APPALACHIA, January–April 1998
by Fred D. Baldwin

"At the start of class," says Geoffrey Strauss, a business education teacher at Union-Endicott High School, in Endicott, New York, "the kids talk to each other. They make friends and make dates. At basketball games, they may sit together instead of on opposing bleachers."

That all sounds ordinary enough, but the classrooms where these students are taking a college-level accounting class are located as much as 30 miles apart.

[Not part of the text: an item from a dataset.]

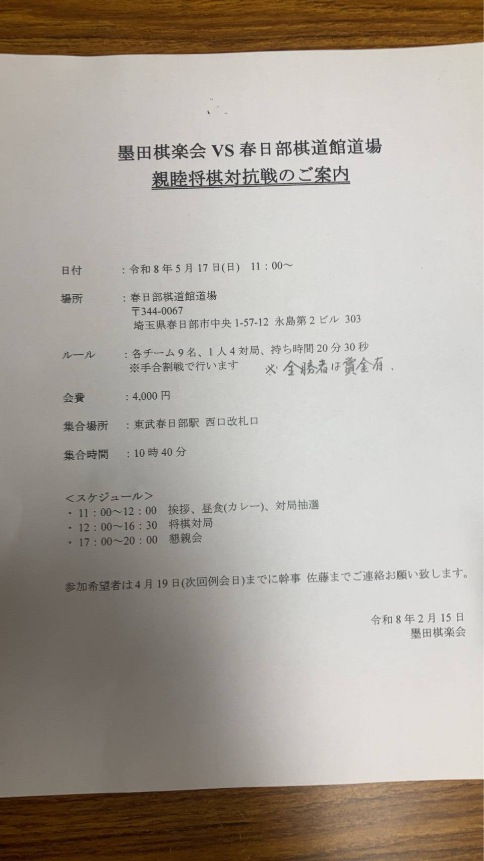 5月17日(日)、場所は春日部棋道舘で、棋楽会の方々と交流対抗将棋大会をします。

The students, however, can see and talk easily to their teacher and to each other, thanks to a telecommunications network developed by the Broome-Tioga Board of Cooperative Educational Services (BOCES), which itself is part of a large, interconnected series of networks operating in Appalachian New York.

Over the past few years, students in New York's Appalachian counties have taken Russian, advanced Spanish, music theory, and C++ (a computer programming language)—all courses that their own schools either cannot offer at all or cannot attract enough students to fill. The network has also given students in regular classes access to the Internet for such activities as interviewing a librarian in Ireland and a NASA scientist in Houston. After hours, some of these classrooms have provided (on a pilot basis) the opportunity for a team of doctors in Binghamton to diagnose a rural infant's physical condition, and for social workers, also in Binghamton, to conduct face-to-face interviews with rural residents.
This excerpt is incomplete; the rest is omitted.